Primary LanguageJupyter Notebook

99co

The Jupyter notebook "web scraping - 99co" contains code to extract property data from 99.co, a website where HDB flats are listed for sale. I used Selenium WebDriver to interact automatically with the website, and BeautifulSoup to parse HTML. I extracted the following information from the website: address, type of HDB flat, year built, sale price, number of bedrooms, number of bathrooms, price per square foot, and property size (in square feet). A total of 9600 property listings were scraped from the website.

The Jupyter notebook "analysis - 99co" contains code to process and analyze the scraped data. First, I cleaned some of the variables before converting them to numeric variables. Next, I dropped observations with missing values and extreme outliers. I then plotted some data visualizations, which confirmed that larger and newer properties tend to have higher prices. Indeed, correlation analysis reveals that the variable most strongly correlated with property price is property size (correlation coefficient = 0.59).

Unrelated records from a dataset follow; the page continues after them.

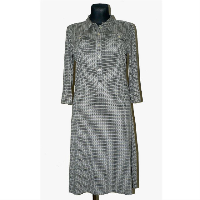 Sukienka w drobny wzorek w odcieniach jasno i ciemno szarych. Na piersiach atrapy kieszonek, od połowy zapinana na guziki. Rękaw 3/4.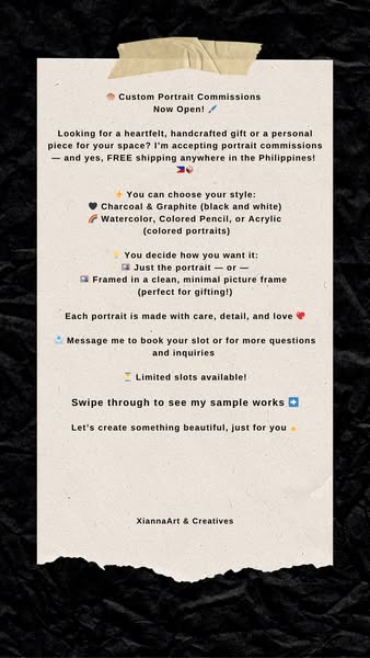 搜索关键词 custom portrait art, personalized gift philippines, handcrafted portrait commission, charcoal portrait drawing, watercolor portrait painting, art commissions open, support local artist, portrait from photo, minimal frame portrait, unique gift idea优势 Handcrafted and personalized,Variety of styles and media,Framing option available,Free shipping within the Philippines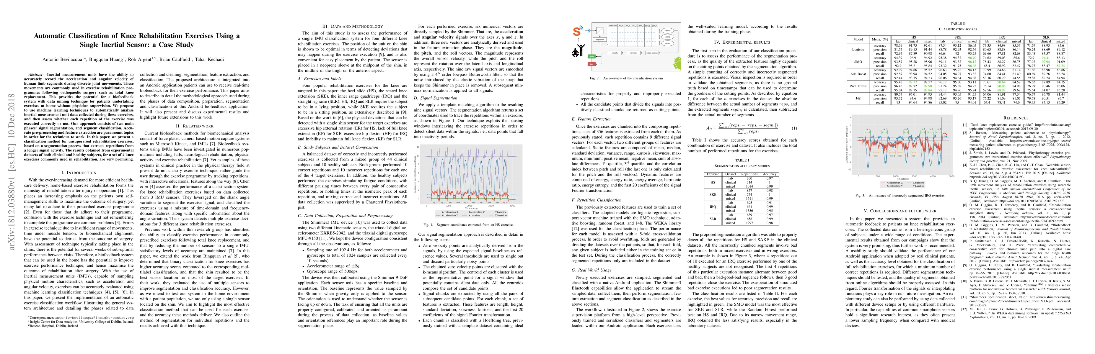 This paper proposes a machine learning method to automatically classify knee rehabilitation exercises using data from a single inertial sensor. The method involves signal segmentation and classification to determine if exercise repetitions are performed correctly. Experimental results show promising outcomes for four common knee exercises.
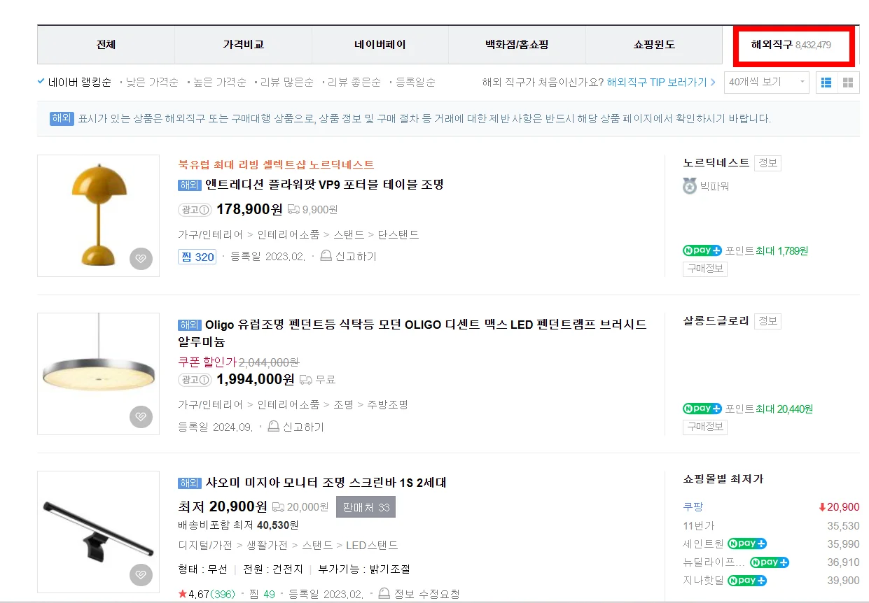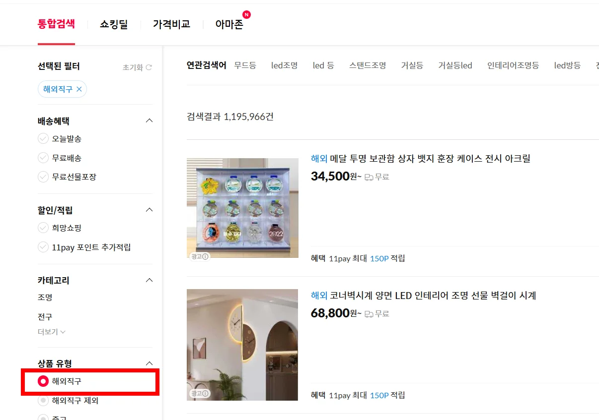 ‘해외직구’ 태그가 붙은 제품을 검색하고, 판매 인기순으로 정렬하세요.
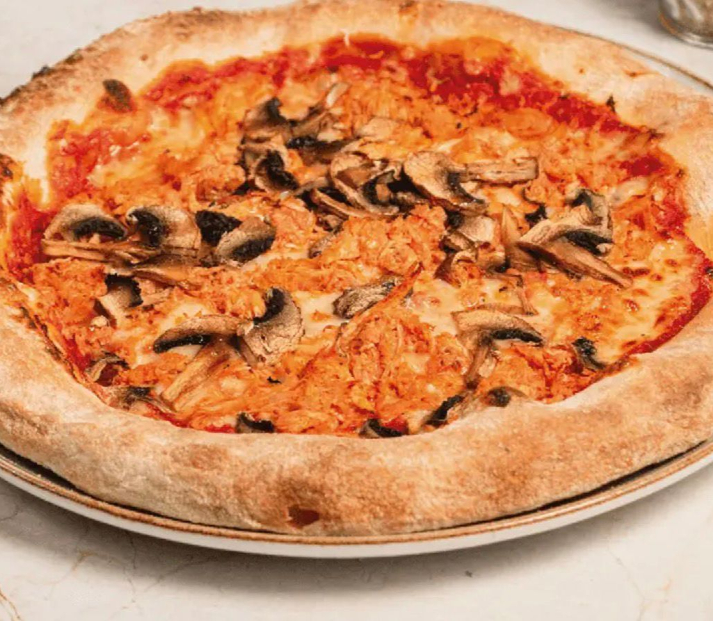 2x1 Pizza Mediana (6 porciones) Tomate san marzano, queso mozzarella, pollo y champiñones.
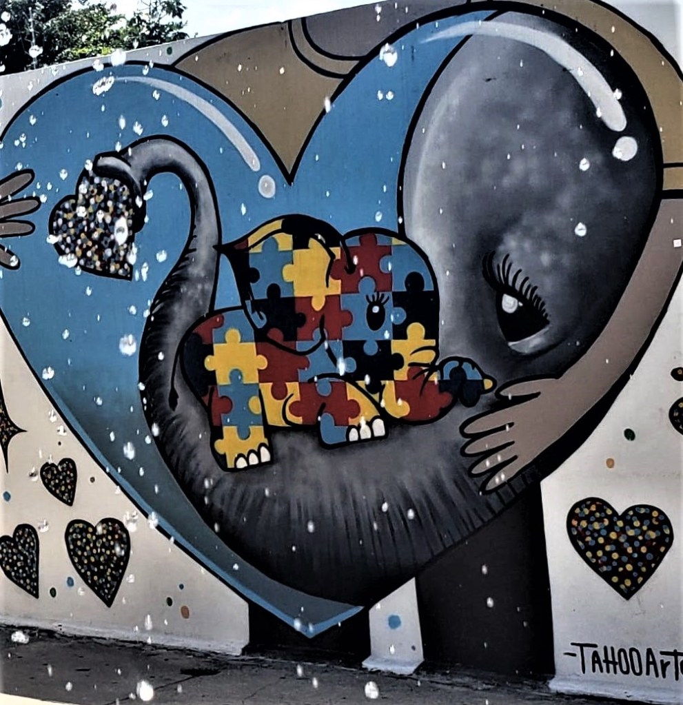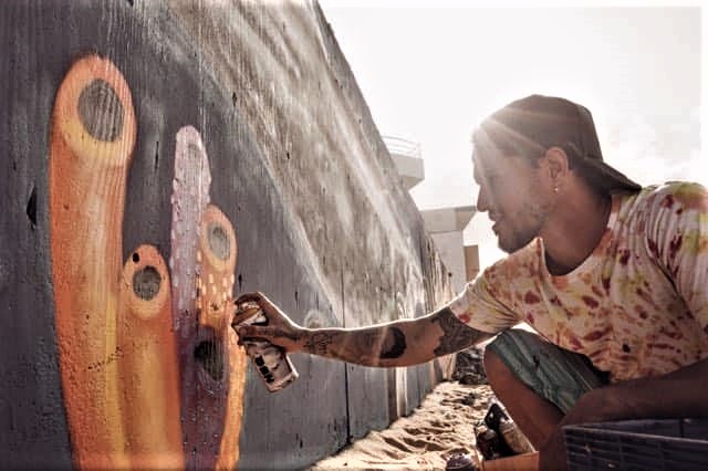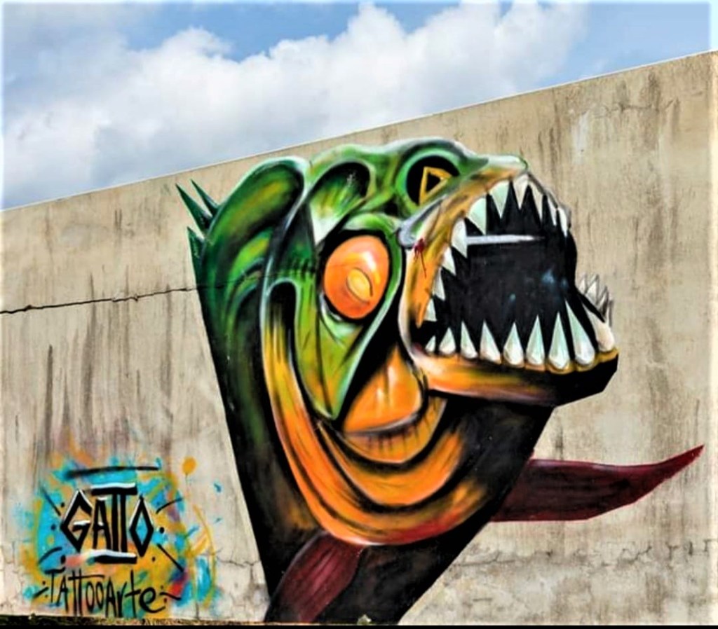 Victor Cabán Torres » Gallo», de Vega Baja, es el creador de esta pintura del Ojo de Agua. Uno de sus primeros arte en la vecindad fue el del pez con una afilada dentadura, mural que estaba hacia el lugar del caño pero que ya no existe. Ha realizando otros trabajos cual ha dedicado a condición del autismo en la Isla. ¡ Gracias, Gallo !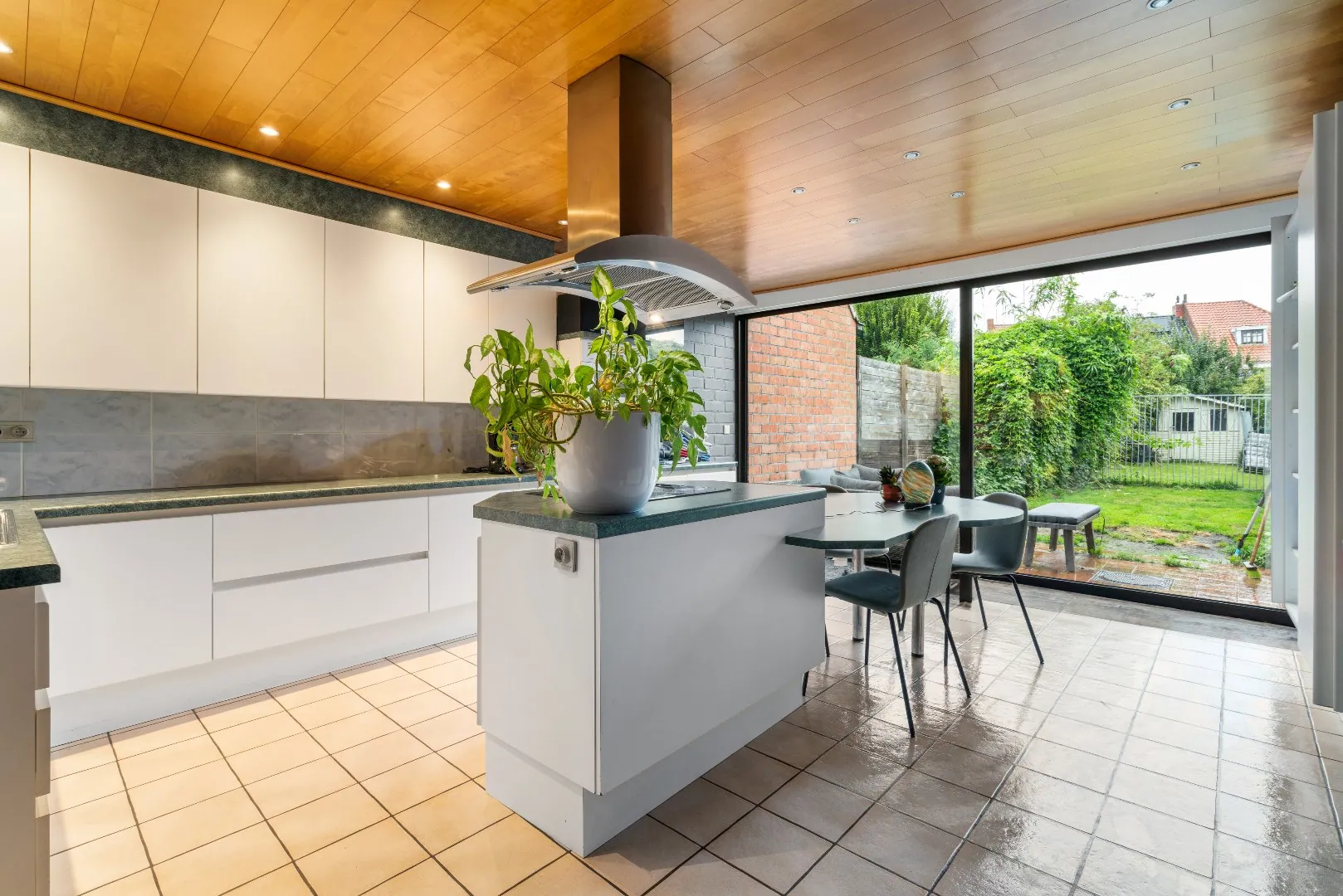 Bel-etage woning met garage en tuin te centrum Lievegem op wandelafstand van winkels, station en scholen. De indeling van de woning is als volgt: u komt binnen langs de garage en gaat zo verder naar de keuken die voorzien is van een kookeiland die volledig geïnstalleerd is met kookplaat, oven, koelkast en microgolf. De badkamer is voorzien van een lavabo, douche, ligbad en toilet. Op de eerste verdieping kunt u de leefruimte, toilet en een bureauruimte/ slaapkamer terugvinden. Op de zolder is er een ruime slaapkamer voorzien van ingemaakte kasten. De inpandige garage biedt plaats aan één wagen. Aan de achterzijde van de woning is er een gezellige tuin met terras aanwezig.
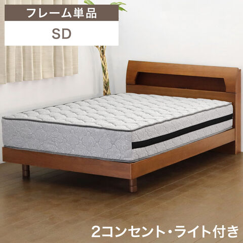 天然木 宮付き セミダブル ベッド LED 2口コンセント付 ベッドフレーム ベットフレーム 高さ3段階 すのこ ベッド すのこベッド ローベッド ライト コンセント 北欧 おしゃれ 23570232〔ミディアムウォールナット〕【予約】5月下旬※5/31までに出荷予定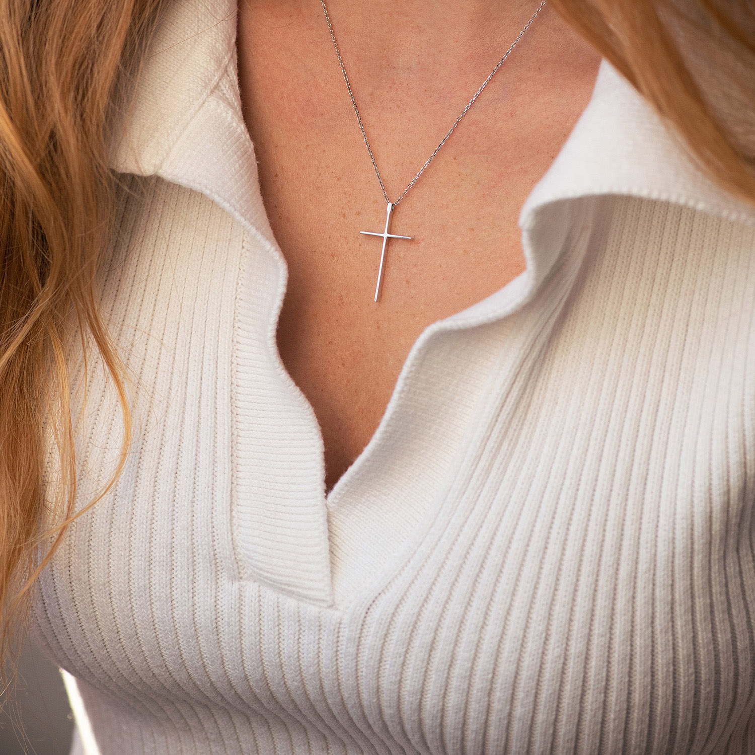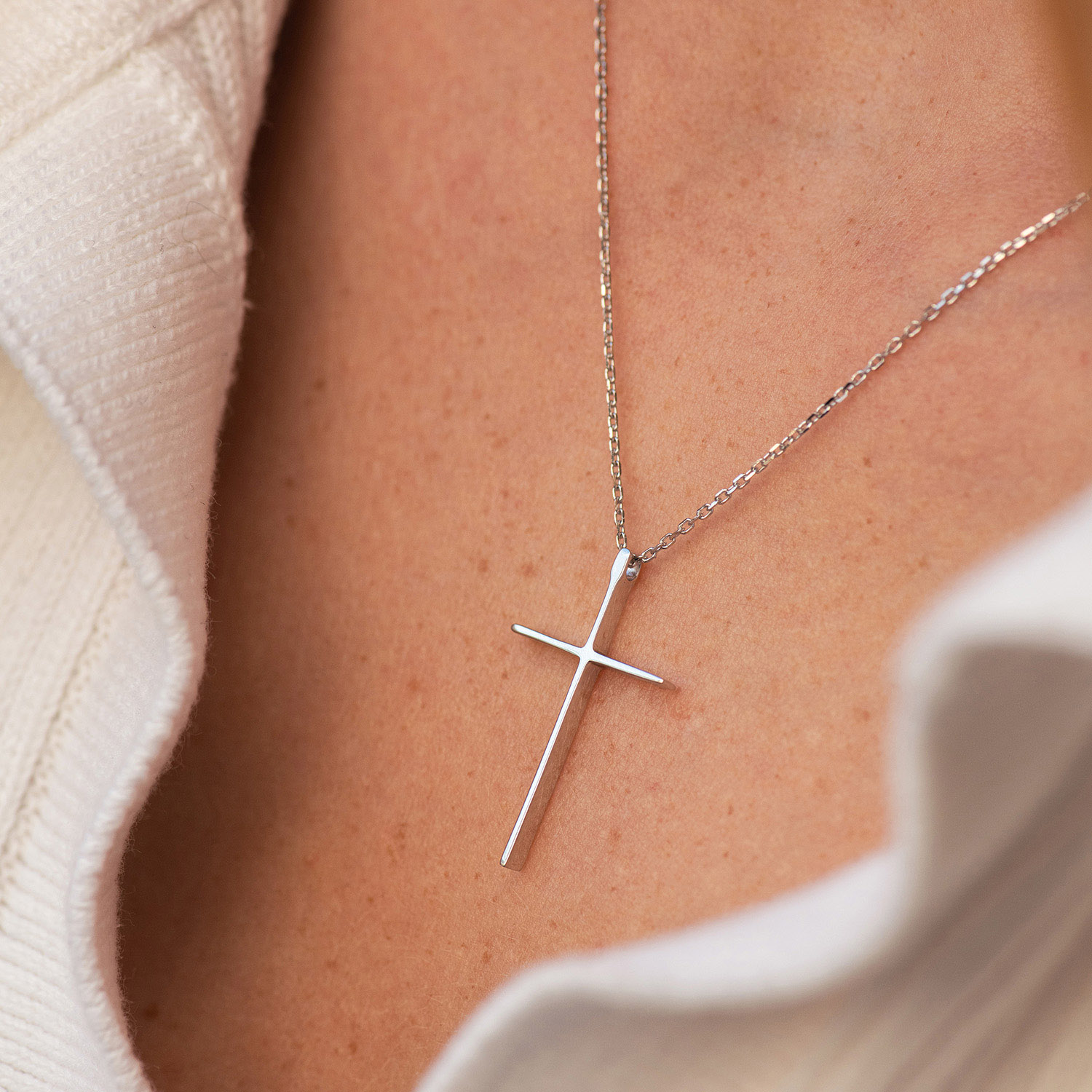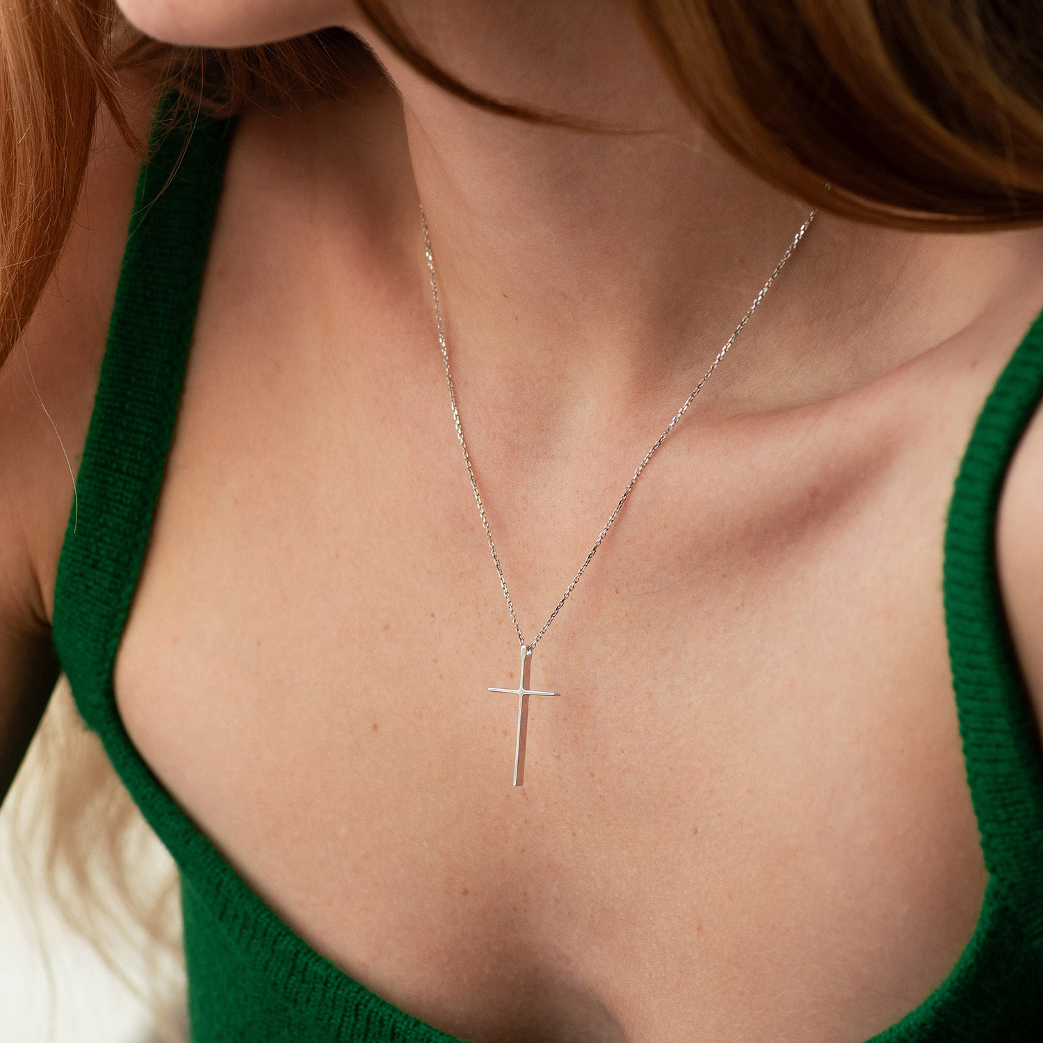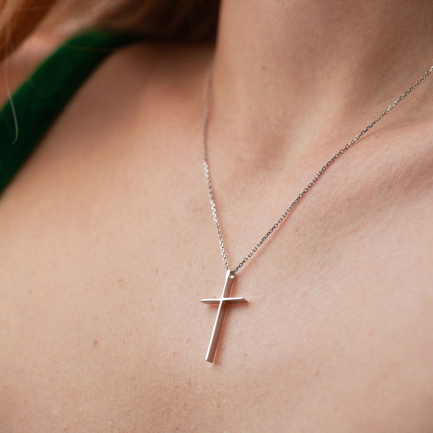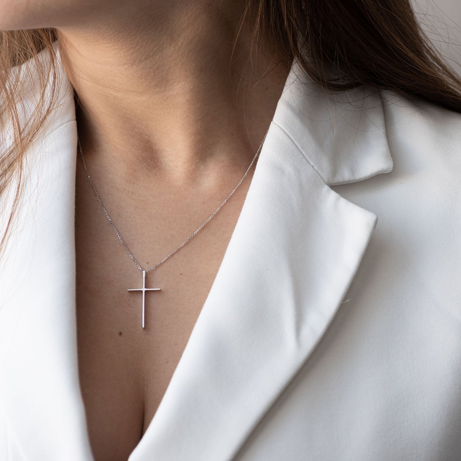 Колье "Крестик" в белом золоте кол01707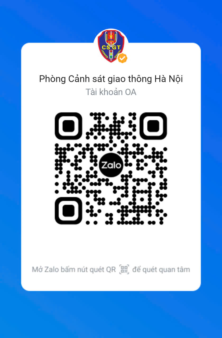 Để truy cập Trang Zalo OA "Phòng Cảnh sát giao thông Hà Nội" cung cấp các thông tin phản ánh các hành vi vi phạm về trật tự ATGT trên địa bàn Thành phố; đồng thời để cập nhật, theo dõi thông tin về tình hình, kết quả công tác bảo đảm trật tự ATGT trên địa bàn Thủ đô, các thầy cô, quý phụ huynh học sinh và học sinh có thể quét Qr Code và nhấn "Quan tâm" để truy cập vào trang thông tin của Phòng Cảnh sát giao thông Thành phố Hà Nội.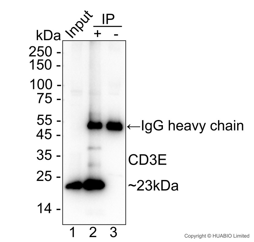 CD3 was immunoprecipitated from 0.2 mg MOLT-4 cell lysate with HA724302 at 2 µg/10 µl beads. Western blot was performed from the immunoprecipitate using HA724302 at 1/10,000 dilution. Alpaca anti-Rabbit IgG Fc secondary antibody (HA1031) at 1/50,000 dilution was used for 1 hour at room temperature.

I then split the dataset into training and test sets, trained a random forest to predict the prices of HDB flats based on all available property attributes (other than price per square foot), and evaluated the performance of the model on the test set. The random forest model achieved a RMSE (root mean squared error) of $107743 and a MAPE (mean absolute percentage error) of 13.7% on the test set. In comparison, a simplistic approach that always used the mean price of the training set as the prediction would achieve a RMSE of $171350 and a MAPE of 31.4%.

To improve the performance of the predictive model, one could include other relevant features such as proximity to amenities and which floor the HDB flat is on.